**Task prompt:**
Any pictures in the records below must be left out when you repeat the lines from the line containing "Относительно имиджа их" through the line containing "Nostalgia do ritual" exactly.

-------- Supplied entries --------

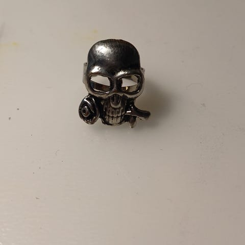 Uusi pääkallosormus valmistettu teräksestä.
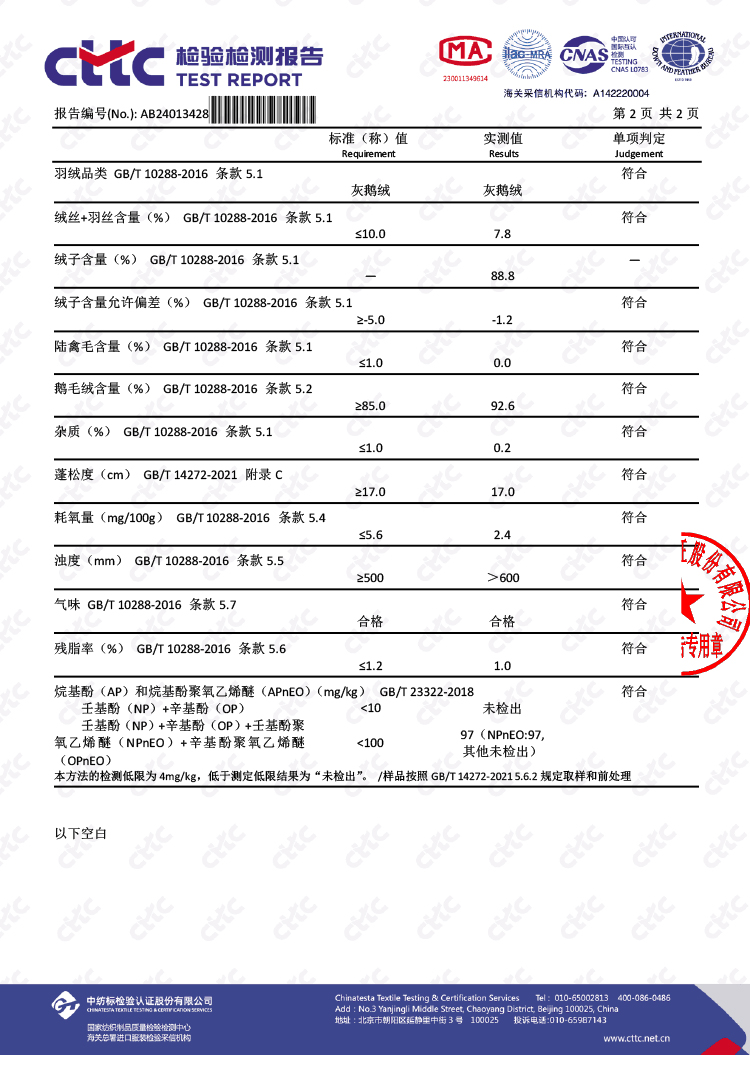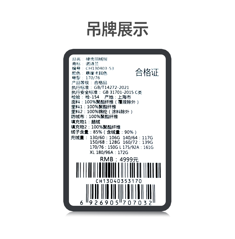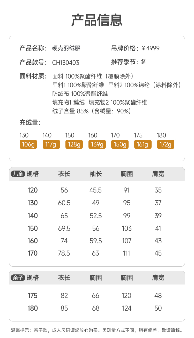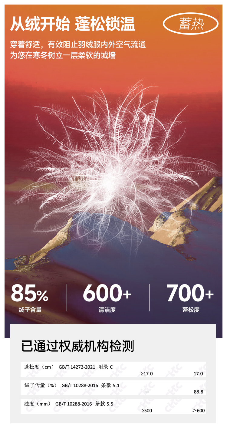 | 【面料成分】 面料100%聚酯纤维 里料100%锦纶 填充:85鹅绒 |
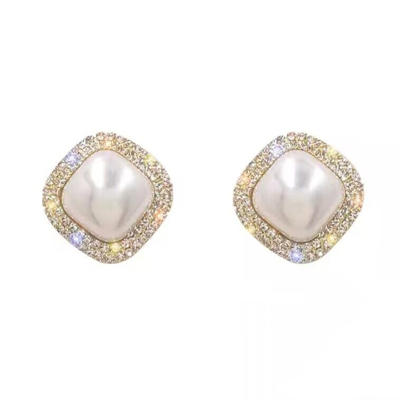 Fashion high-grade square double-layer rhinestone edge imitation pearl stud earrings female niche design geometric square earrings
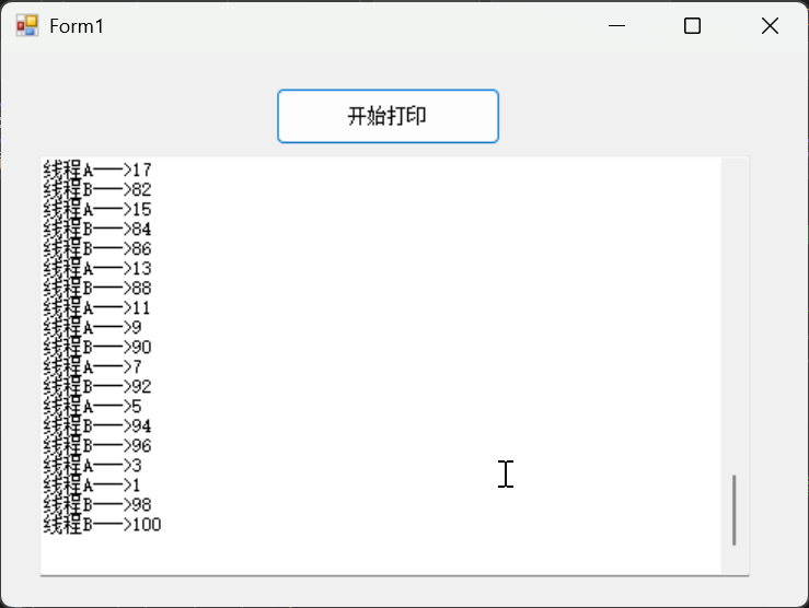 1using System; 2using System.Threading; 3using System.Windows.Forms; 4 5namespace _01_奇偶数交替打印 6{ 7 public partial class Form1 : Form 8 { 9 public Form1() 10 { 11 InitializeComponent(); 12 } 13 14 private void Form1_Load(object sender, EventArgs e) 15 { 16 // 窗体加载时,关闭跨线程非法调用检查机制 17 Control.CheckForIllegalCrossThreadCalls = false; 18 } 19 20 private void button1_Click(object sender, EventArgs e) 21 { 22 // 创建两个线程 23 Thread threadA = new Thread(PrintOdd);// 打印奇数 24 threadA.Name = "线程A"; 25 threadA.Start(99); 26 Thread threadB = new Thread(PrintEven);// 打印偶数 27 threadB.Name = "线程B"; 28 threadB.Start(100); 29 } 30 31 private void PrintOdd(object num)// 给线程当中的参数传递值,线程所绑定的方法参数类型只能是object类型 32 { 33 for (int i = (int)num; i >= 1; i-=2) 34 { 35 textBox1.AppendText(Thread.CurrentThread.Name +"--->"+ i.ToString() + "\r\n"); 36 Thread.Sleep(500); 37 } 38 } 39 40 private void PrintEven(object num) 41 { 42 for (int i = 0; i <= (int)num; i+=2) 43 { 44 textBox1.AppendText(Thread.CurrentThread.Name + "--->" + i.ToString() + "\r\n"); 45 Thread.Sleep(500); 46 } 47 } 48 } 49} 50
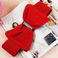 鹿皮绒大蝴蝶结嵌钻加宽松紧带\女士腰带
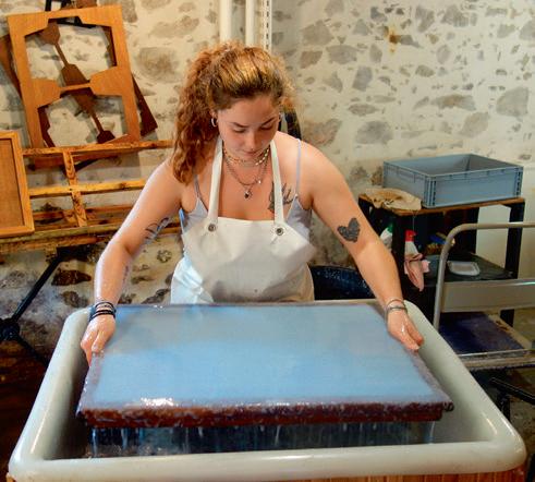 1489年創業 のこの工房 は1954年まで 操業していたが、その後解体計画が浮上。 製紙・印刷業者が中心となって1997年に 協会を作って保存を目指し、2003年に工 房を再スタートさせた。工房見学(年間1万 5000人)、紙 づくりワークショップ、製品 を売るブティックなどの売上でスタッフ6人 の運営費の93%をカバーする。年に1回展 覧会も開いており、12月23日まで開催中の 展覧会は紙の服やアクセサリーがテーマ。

--------
-------- Supplied entries --------

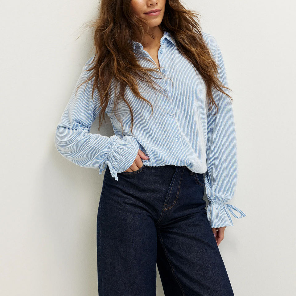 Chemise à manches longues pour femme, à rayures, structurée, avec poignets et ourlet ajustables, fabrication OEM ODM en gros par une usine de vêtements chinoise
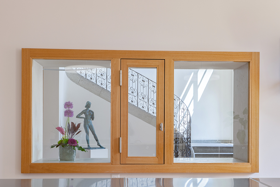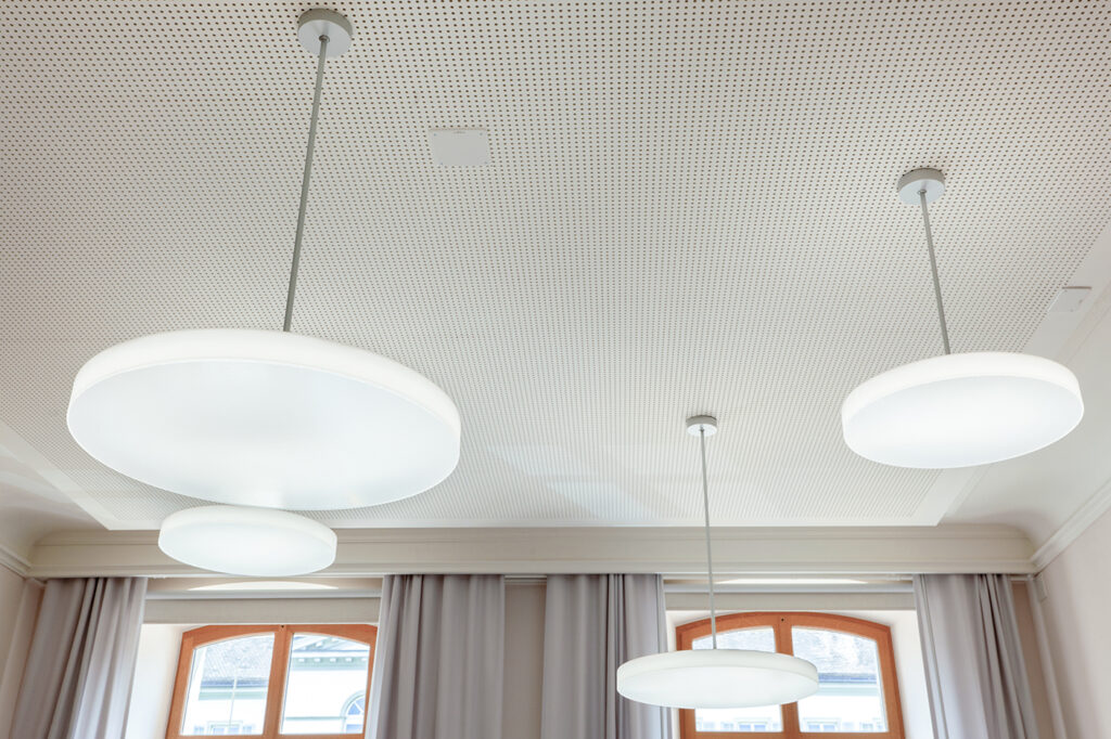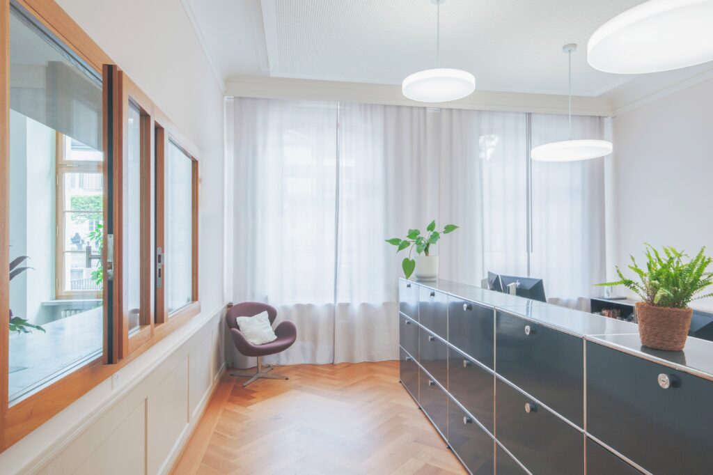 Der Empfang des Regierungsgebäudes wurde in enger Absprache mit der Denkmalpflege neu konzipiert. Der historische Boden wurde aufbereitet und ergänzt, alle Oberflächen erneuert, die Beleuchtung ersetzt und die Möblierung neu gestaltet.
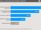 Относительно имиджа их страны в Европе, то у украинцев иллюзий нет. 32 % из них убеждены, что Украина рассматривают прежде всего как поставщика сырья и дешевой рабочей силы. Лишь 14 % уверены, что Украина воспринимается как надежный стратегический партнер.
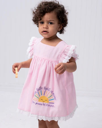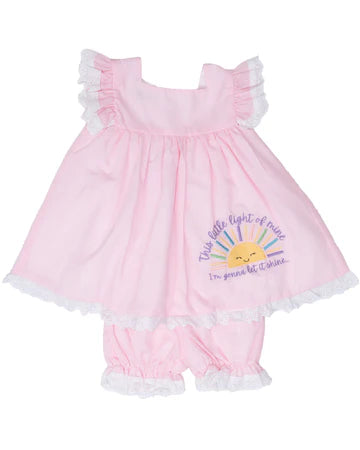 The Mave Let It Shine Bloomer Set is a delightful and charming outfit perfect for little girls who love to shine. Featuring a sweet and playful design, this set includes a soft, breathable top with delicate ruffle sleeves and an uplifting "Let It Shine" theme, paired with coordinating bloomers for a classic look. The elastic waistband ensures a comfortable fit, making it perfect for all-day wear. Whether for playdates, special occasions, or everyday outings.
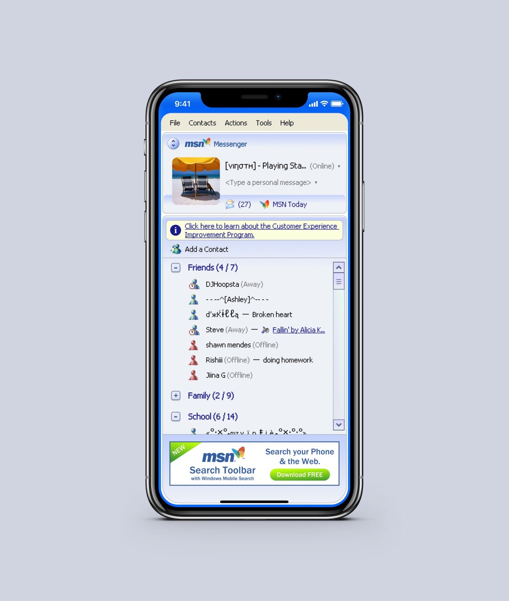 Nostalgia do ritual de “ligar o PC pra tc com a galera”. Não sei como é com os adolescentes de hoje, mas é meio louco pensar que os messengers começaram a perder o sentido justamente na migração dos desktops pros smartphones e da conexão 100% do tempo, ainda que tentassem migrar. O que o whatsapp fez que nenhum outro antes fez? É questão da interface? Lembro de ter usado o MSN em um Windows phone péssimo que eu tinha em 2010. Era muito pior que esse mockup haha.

--------

**Result for this exercise:**
 Относительно имиджа их страны в Европе, то у украинцев иллюзий нет. 32 % из них убеждены, что Украина рассматривают прежде всего как поставщика сырья и дешевой рабочей силы. Лишь 14 % уверены, что Украина воспринимается как надежный стратегический партнер.
 The Mave Let It Shine Bloomer Set is a delightful and charming outfit perfect for little girls who love to shine. Featuring a sweet and playful design, this set includes a soft, breathable top with delicate ruffle sleeves and an uplifting "Let It Shine" theme, paired with coordinating bloomers for a classic look. The elastic waistband ensures a comfortable fit, making it perfect for all-day wear. Whether for playdates, special occasions, or everyday outings.
 Nostalgia do ritual de “ligar o PC pra tc com a galera”. Não sei como é com os adolescentes de hoje, mas é meio louco pensar que os messengers começaram a perder o sentido justamente na migração dos desktops pros smartphones e da conexão 100% do tempo, ainda que tentassem migrar. O que o whatsapp fez que nenhum outro antes fez? É questão da interface? Lembro de ter usado o MSN em um Windows phone péssimo que eu tinha em 2010. Era muito pior que esse mockup haha.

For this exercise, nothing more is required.